KEP-4815 DRA Partitionable devices support for multi-host

mortent · mortent · commit 576dcfe55986 · 2025-01-22T01:49:38.000Z
diff --git a/keps/sig-node/4815-dra-partitionable-devices/README.md b/keps/sig-node/4815-dra-partitionable-devices/README.md
@@ -4,13 +4,17 @@
 - [Release Signoff Checklist](#release-signoff-checklist)
 - [Summary](#summary)
 - [Motivation](#motivation)
+  - [Dynamic allocation of Multi-Instance GPUs (MIG) on NVIDIA hardware](#dynamic-allocation-of-multi-instance-gpus-mig-on-nvidia-hardware)
+  - [Multi-host Tensor Processing Unit (TPU) scheduling](#multi-host-tensor-processing-unit-tpu-scheduling)
   - [Goals](#goals)
   - [Non-Goals](#non-goals)
 - [Proposal](#proposal)
 - [Design Details](#design-details)
   - [Extending a device with as set of mixins](#extending-a-device-with-as-set-of-mixins)
   - [Defining device partitions in terms of consumed capacity in a composite device](#defining-device-partitions-in-terms-of-consumed-capacity-in-a-composite-device)
+  - [Defining multi-host devices](#defining-multi-host-devices)
   - [Putting it all together for the MIG use-case](#putting-it-all-together-for-the-mig-use-case)
+  - [Using DRA for the multi-host use-case](#using-dra-for-the-multi-host-use-case)
   - [Test Plan](#test-plan)
       - [Prerequisite testing updates](#prerequisite-testing-updates)
       - [Unit tests](#unit-tests)
@@ -72,6 +76,11 @@ partitions to be created on demand.

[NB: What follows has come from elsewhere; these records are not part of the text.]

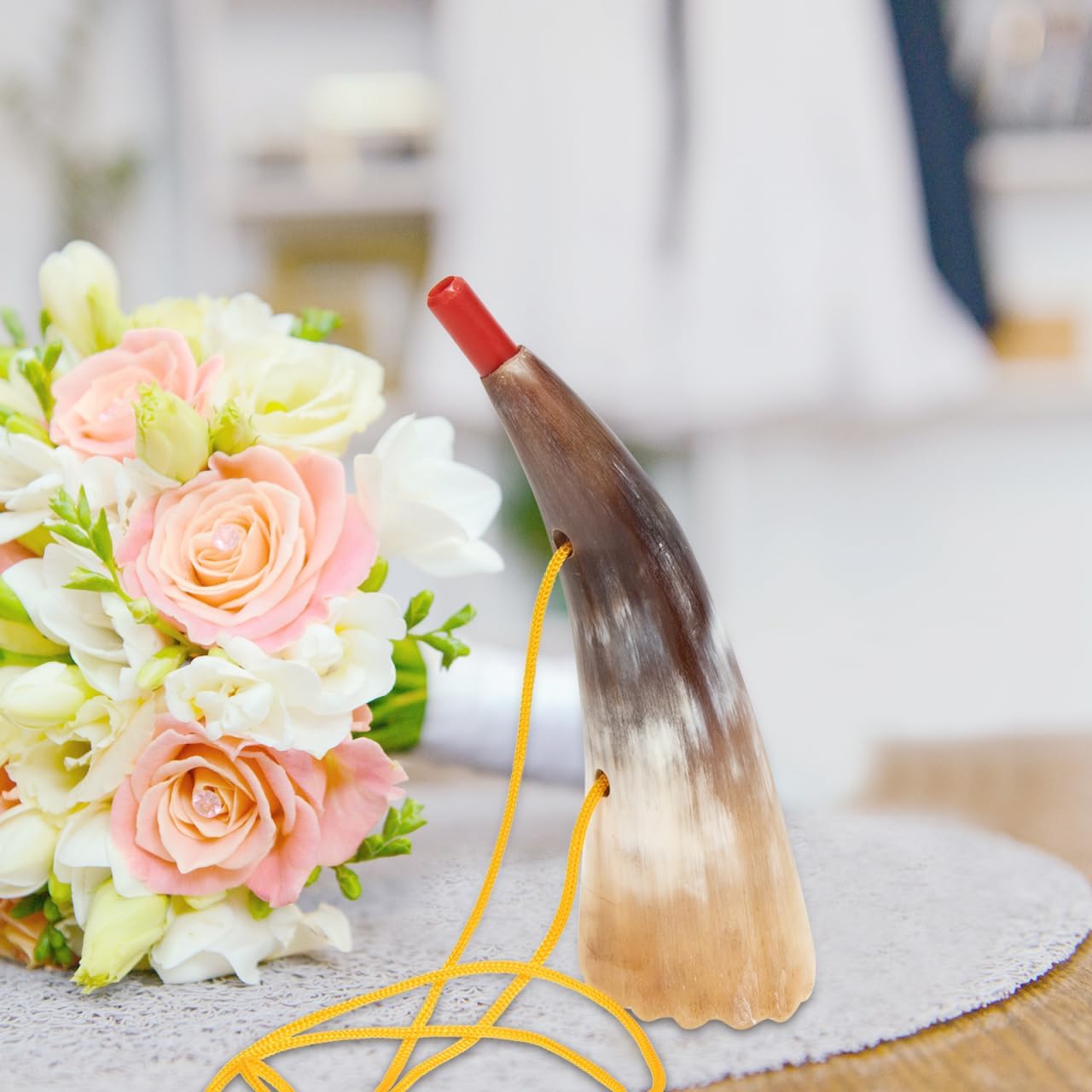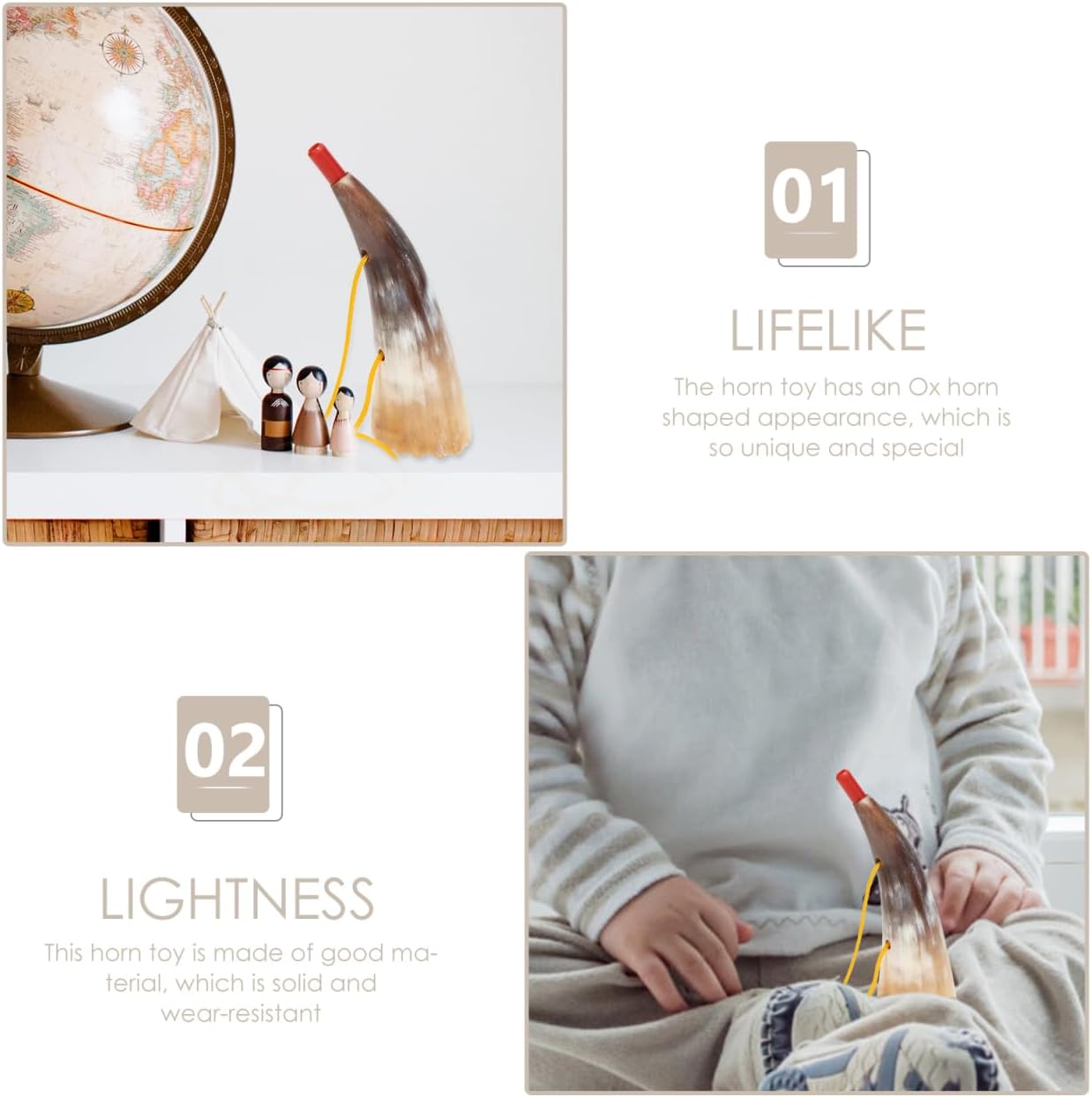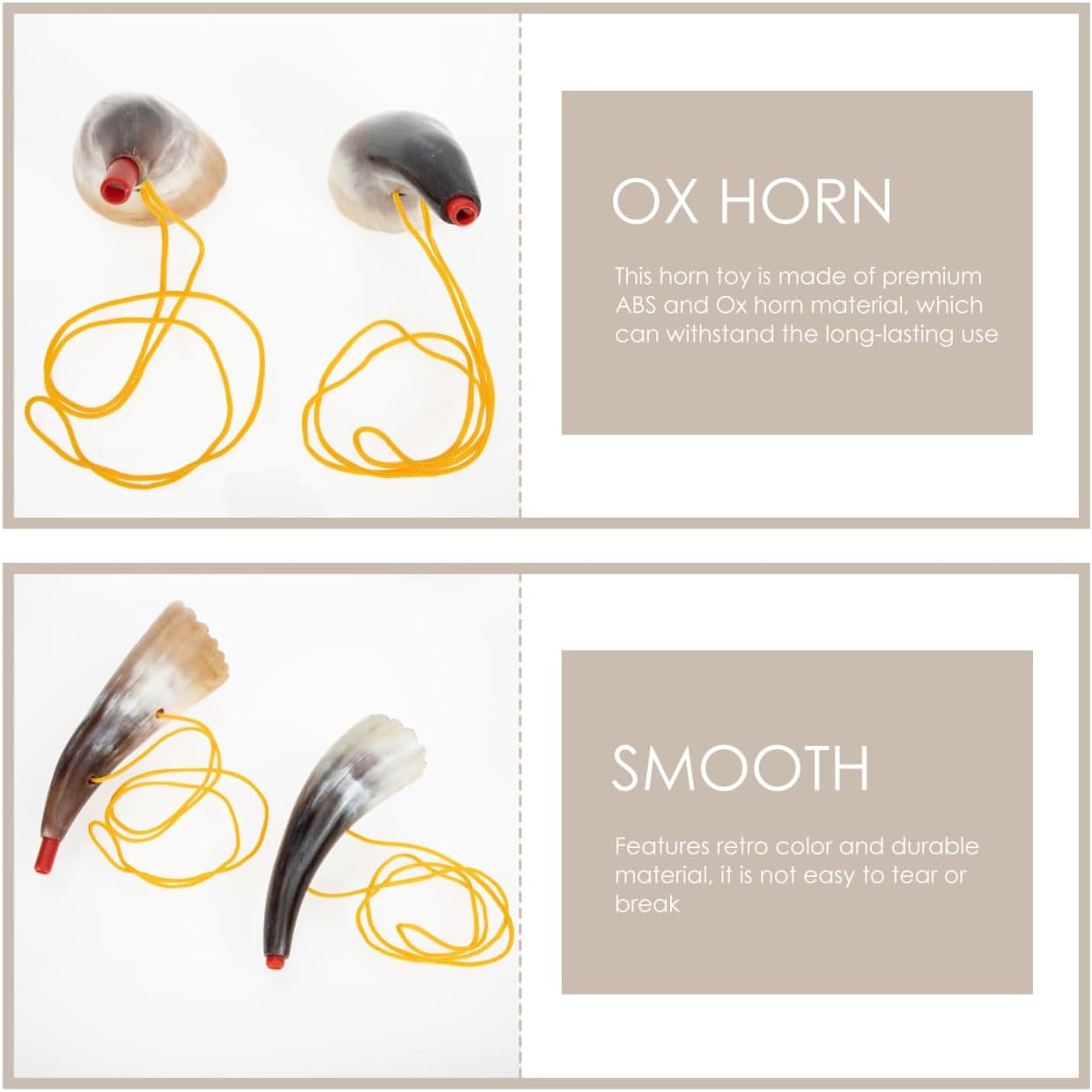 Il giocattolo in corno ha un aspetto a forma di corno di bue, unico e particolare. Il suono chiaro e croccante, il riverbero corto, il giocattolo in corno può fare un bel suono. Il giocattolo ha una meravigliosa produzione di suoni e può fornire suoni straordinari e bei rumori. Progettato con un cordino, il giocattolo in corno può essere appeso al collo o alla mano, facile da trasportare e riporre. Questo giocattolo in corno è realizzato in buon materiale .
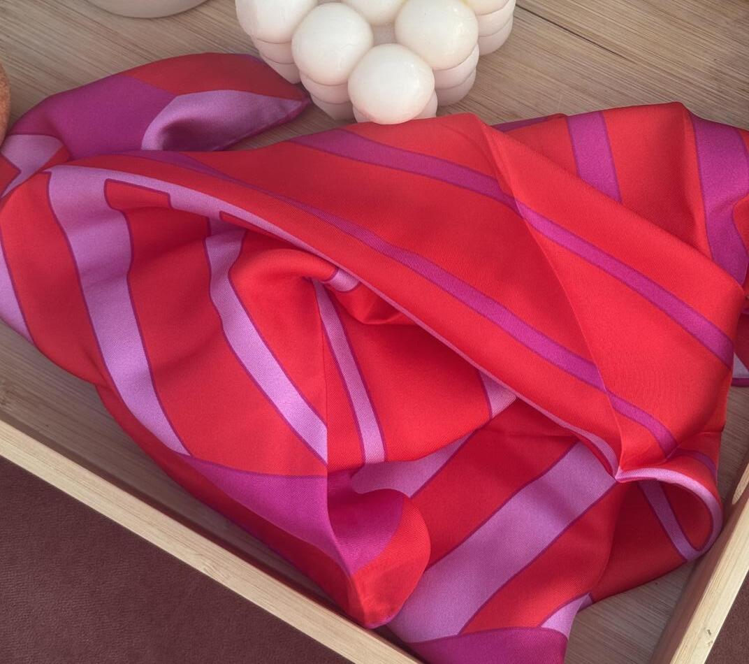 Ryškios raudonos ir rožinės spalvų bangos suteikia energijos, gyvybingumo ir stiliaus – tai akcentas, kuris derės prie bet kokios vienspalvės aprangos.
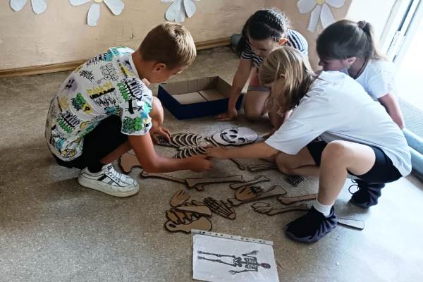 Маленькие воспитанники пришкольного лагеря в это время собирали пазлы с изображением народов Северного Кавказа в национальных костюмах и раскрашивали раскраски по этим же картинкам.
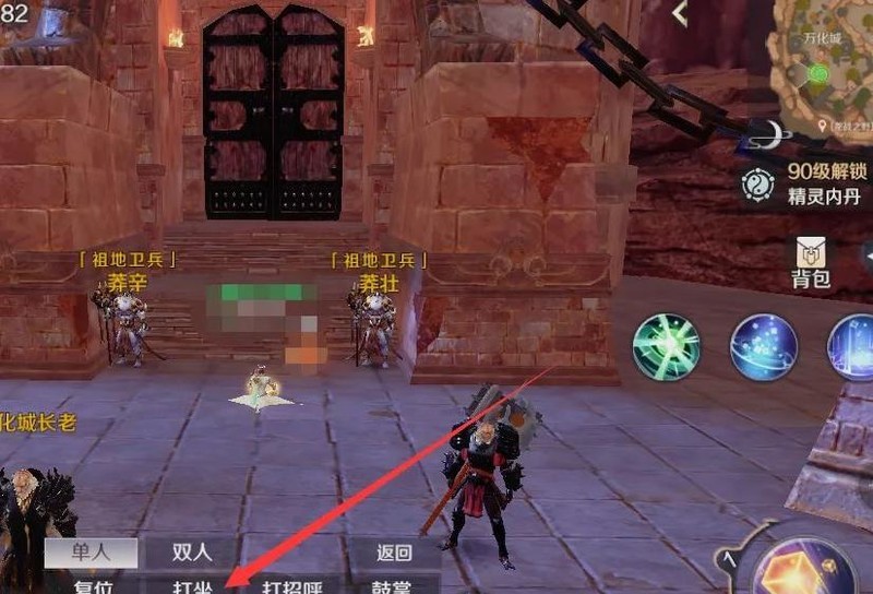 万化城坐标64·317·114,位于两名士兵之间打坐可自动触发任务。
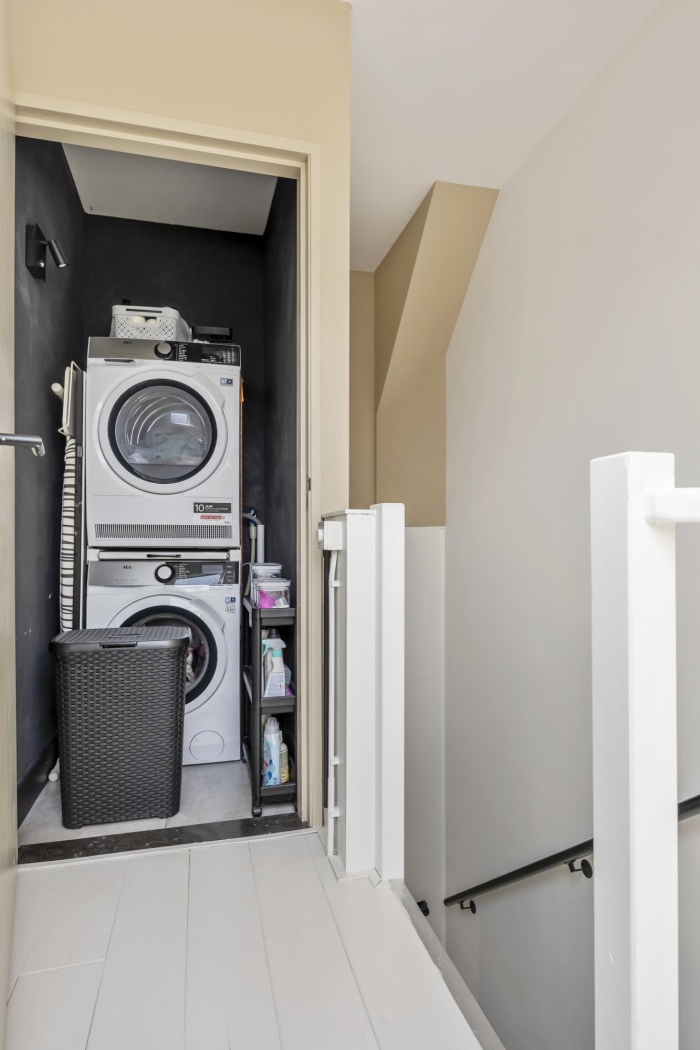 Je komt boven op een overloop met toegang tot een net betegelde wasruimte, voorzien van een dubbele groep voor wasmachine en droger – zodat beide tegelijk kunnen draaien.
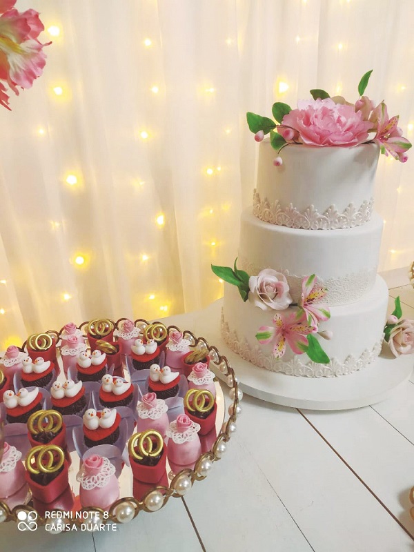 Carisa Duarte Cake Designer atua no ramo de bolo e doces personalizados há nove anos. Seu ateliê fica em Rio Pardo, na Rua Florentino Pedro Lisboa, 339, Bairro Jardim Boa Vista. A confeiteira afirma que a tendência atual é tudo ser muito simbólico para os noivos, como um simples bolo de cenoura com chocolate, que eles gostam de comer juntos no final de semana, ganhar uma roupagem sofisticada, composta por rendas e flores, e virar o bolo de casamento.
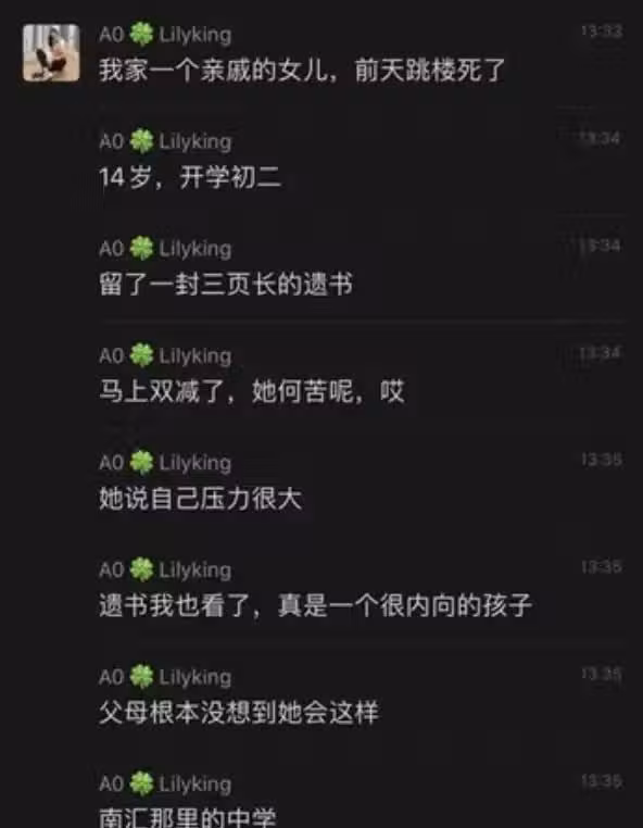根據綜合陸媒報導,該名先行一步的國中女親戚事後透過網絡表示,該女孩平時非常乖巧又內向,但因為成績總是達不到父母的期望,常常被認為是不夠努力用功,因此時不時就媽媽惡言相向、甚至還恨鐵不成鋼地常常動手,最後在承受不了長期的高壓之下,才選擇用這樣的方式解脫。
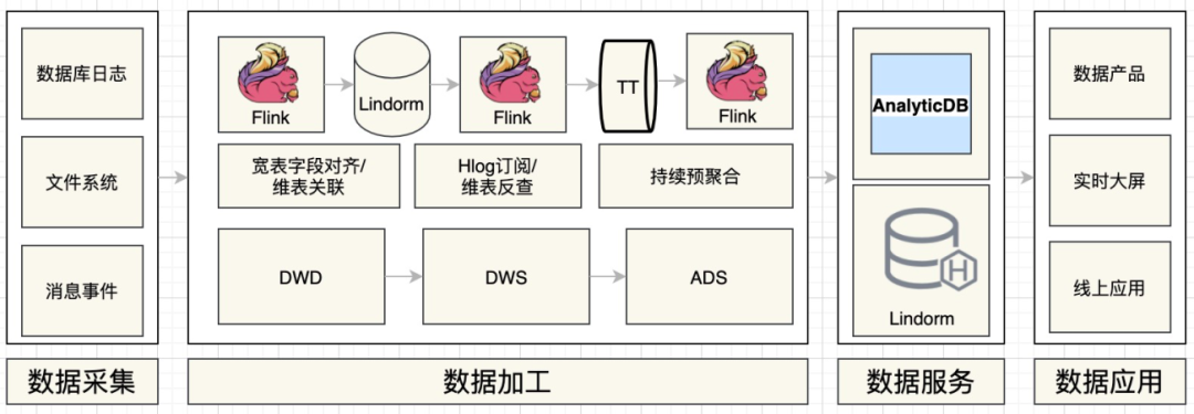 数据模型及任务加工分层:在DWD层按照主题将不同数据源数据整合,并且输出到Lindorm,然后通过Hlog订阅,触发流任务反查事实表,将宽表字段对齐输出到TT,做为DWD中间层存储。构建可复用的DWS层,将常用维度及指标按照主题建模,供下游复用,减少烟囱化。
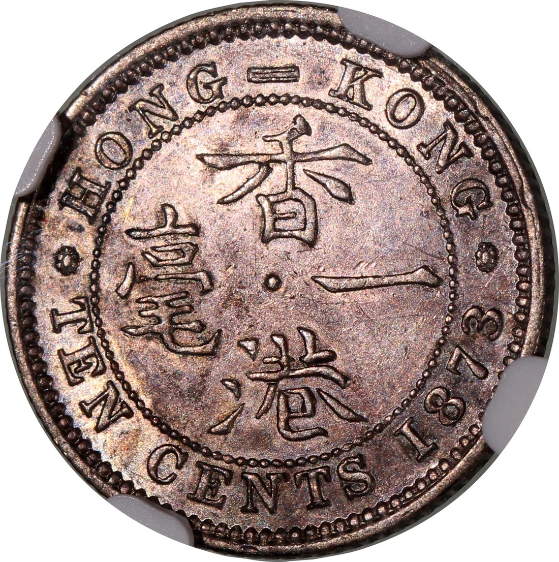 Hong Kong, silver 10 cents, 1873, NGC AU55, #6492153-006.
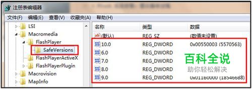 将 "HKEY_LOCAL_MACHINE\SOFTWARE\Macromedia\FlashPlayer\SafeVersions" 内的值删除(保留默认值)如下图所示。

This leads to increased resource
 utilization as the size of each partitioned device can be matched in real-time
 to the workload requesting it.
 
+Devices represented in DRA doesn't necessarily have to be a single unit connected
+to a single machine, but can also be a logical device comprised of multiple devices
+connected to multiple machines. Similar to the single device partitioning, users
+might require either the full multi-host device or a subset.
+
 As DRA has evolved from what we now call "classic" DRA to "structured
 parameters" this ability to dynamically partition devices has been lost.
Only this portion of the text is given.